Seminoetherian Modules over Non-Primitive HNP rings
Askar Tuganbaev
TL;DR
The paper addresses the problem of classifying seminoetherian right modules over non-primitive hereditary noetherian prime (HNP) rings. It develops a structural framework centered on the largest singular submodule $T$ of a module $M$, a finite-dimensional non-singular quotient $M/T$, and an essential submodule $X$ with $T subseteq X$, such that each primary component of $T$ and of $M/X$ splits into direct sums of cyclic uniserial modules with bounded total length.
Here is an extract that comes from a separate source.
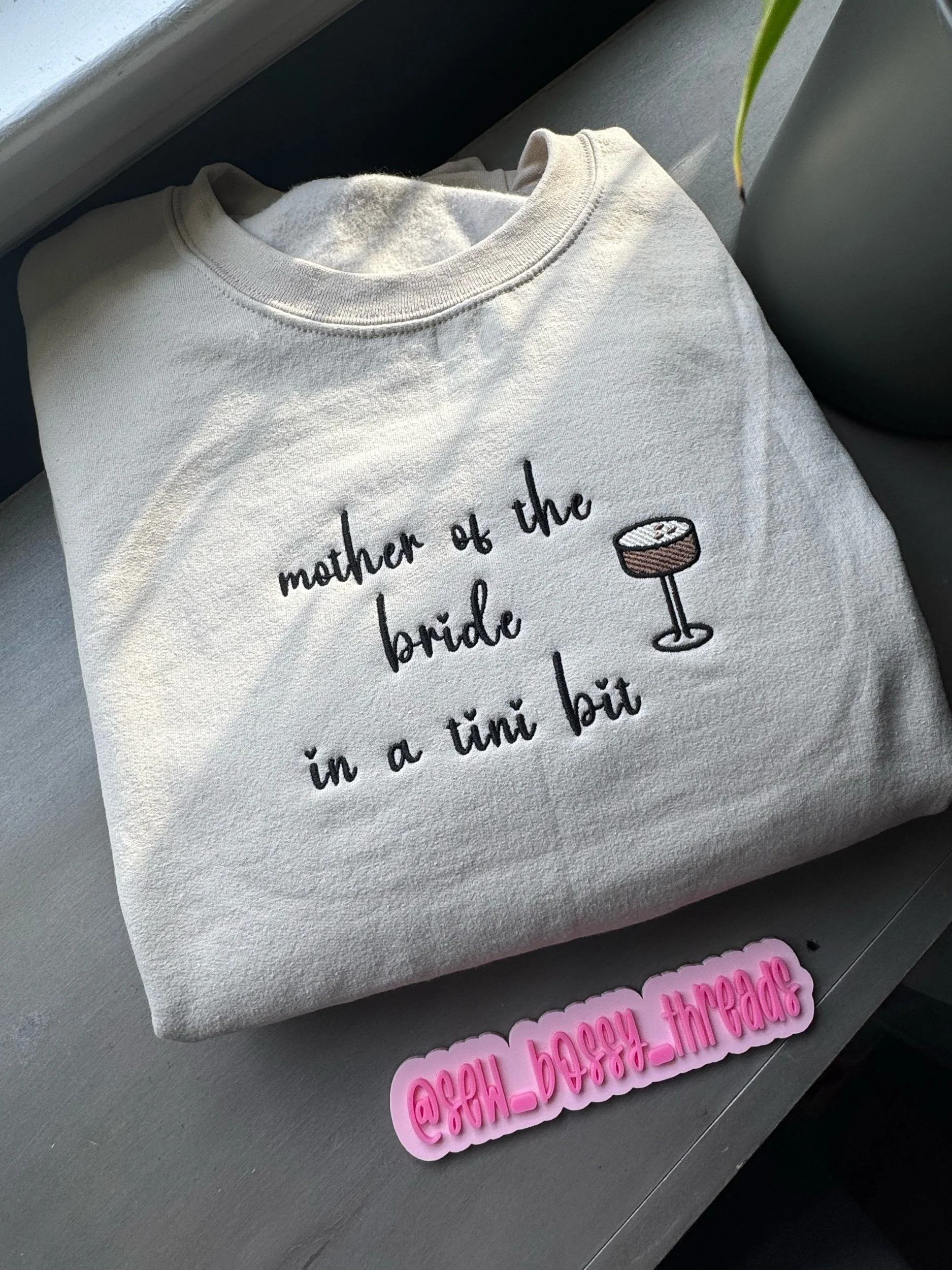 Image 1 of 1 Mother of the bride Crewneck $45.00 Custom embroidered Size: Small Medium Large XL Purchase Added! Custom embroidered
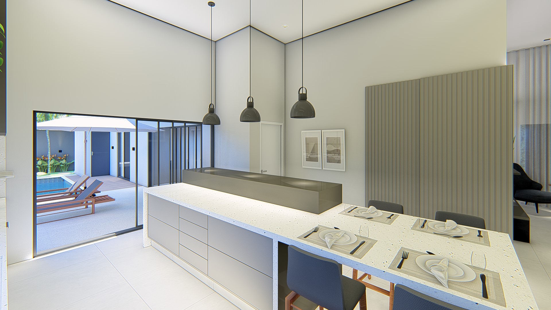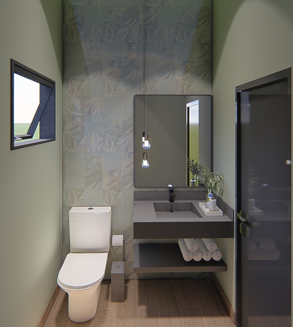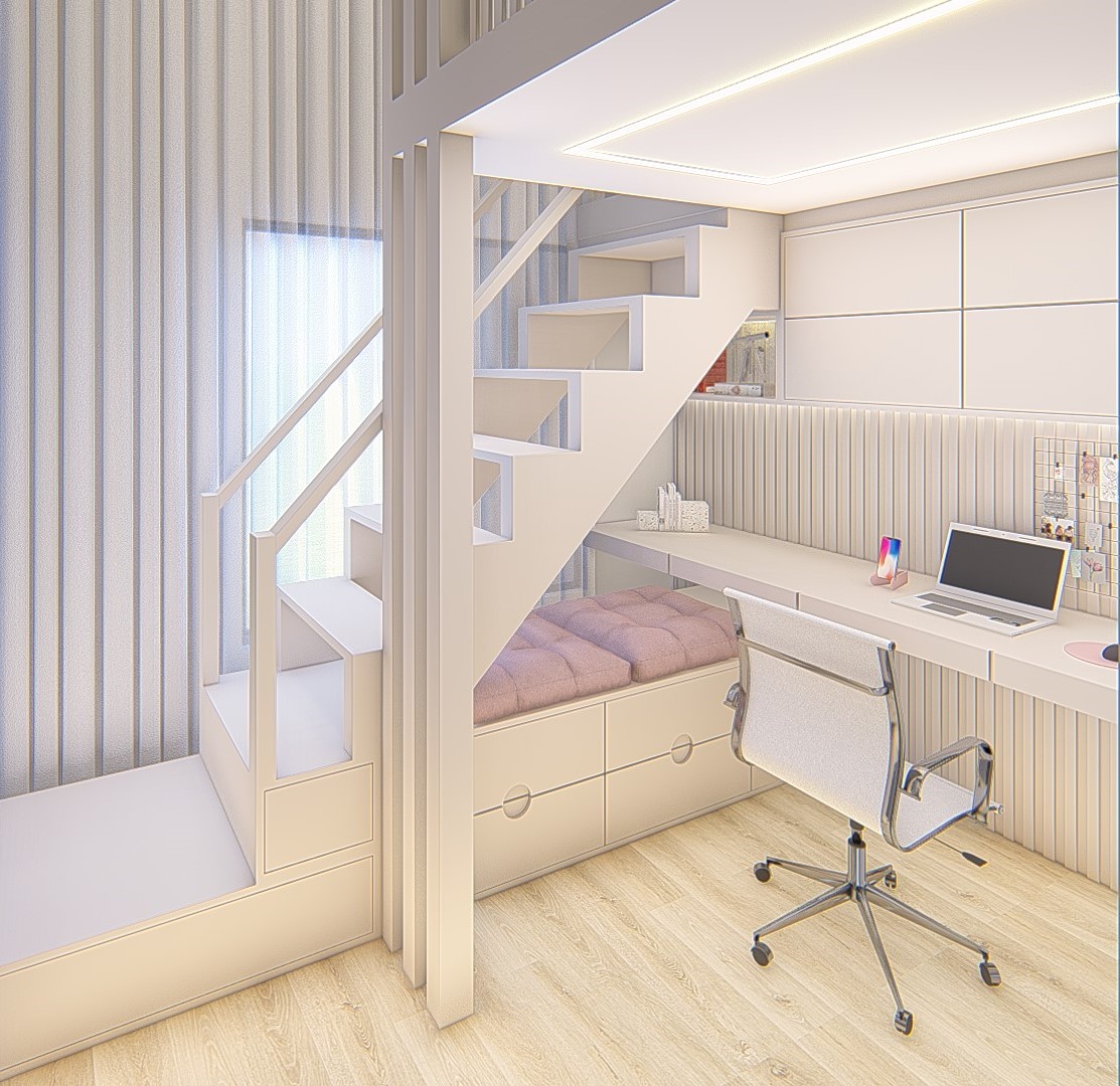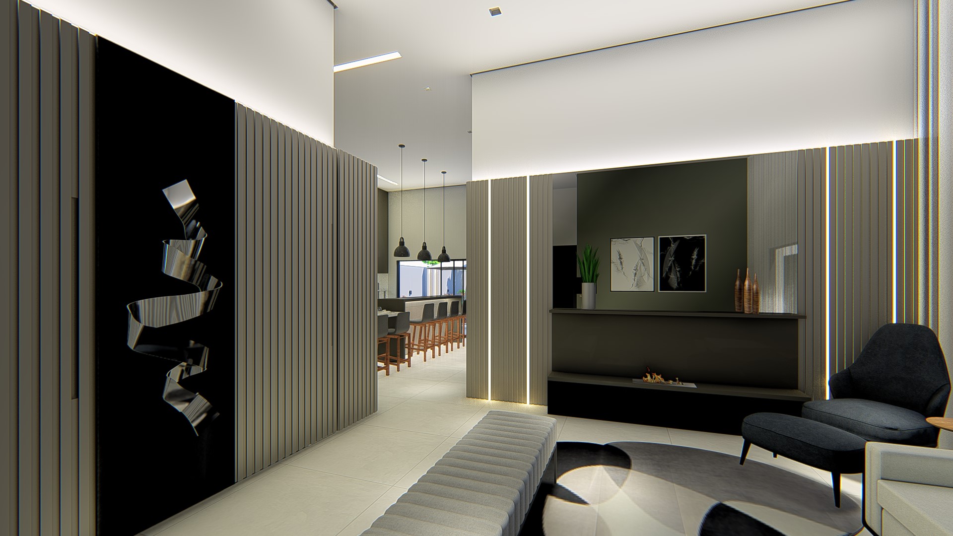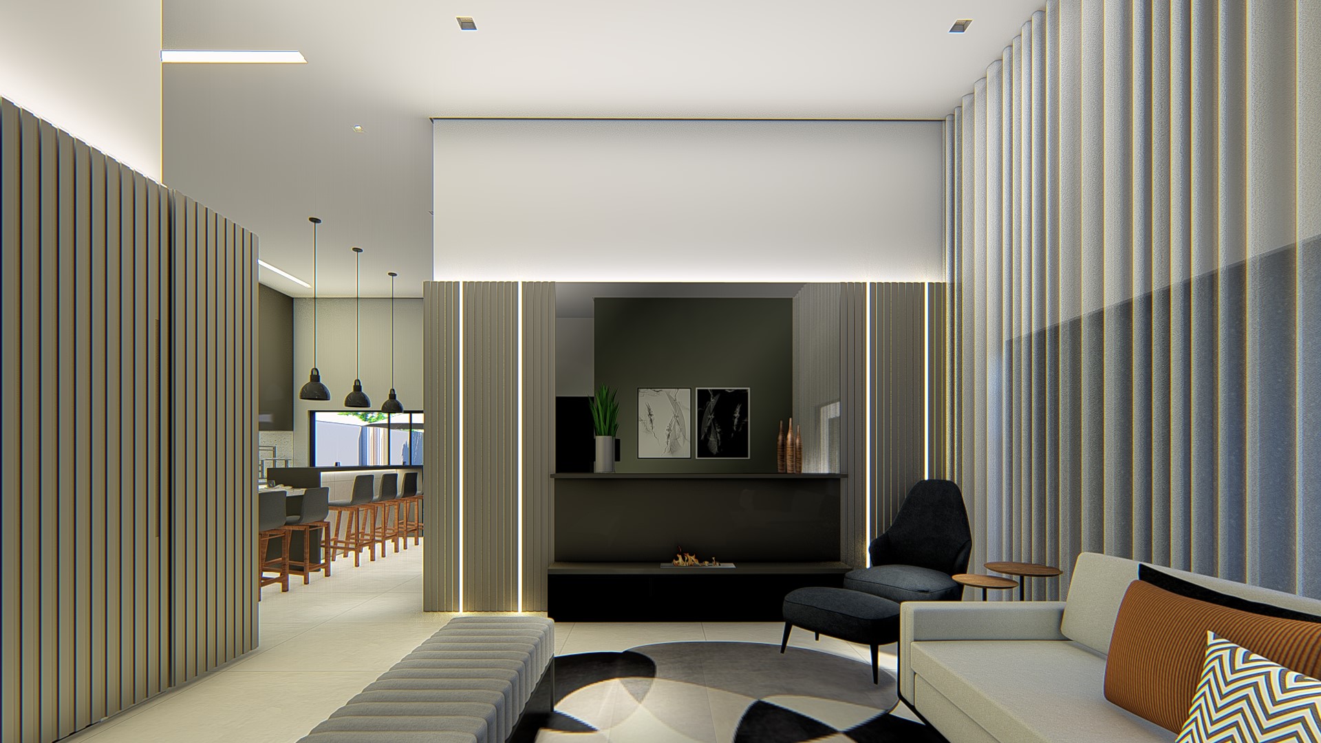 Descrição: Projeto arquitetônico e de design de interiores, incluindo detalhamentos de marcenaria, marmoraria e iluminação, para diversos ambientes da residência, como cozinha, lavabos, lavanderia, sala de TV e suítes.

The main achievement is Theorem 1.1, which provides equivalent conditions for seminoetherianity and yields a detailed description of the componentwise behavior of singular parts, along with corollaries and explicit examples illustrating max modules and Bezout/distributive phenomena. The results extend parallels with torsion theories in abelian groups and provide a concrete decomposition framework for seminoetherian modules over HNP rings, including implications for injective hulls and primary decomposition. Together, these findings give a comprehensive, constructive picture of when and how seminoetherian modules over non-primitive HNP rings decompose into well-understood cyclic uniserial building blocks, with practical guidance for identifying and constructing such modules.
Abstract
We study the structure of seminoetherian modules. Seminoetherian modules over non-primitive hereditary noetherian prime rings are completely described.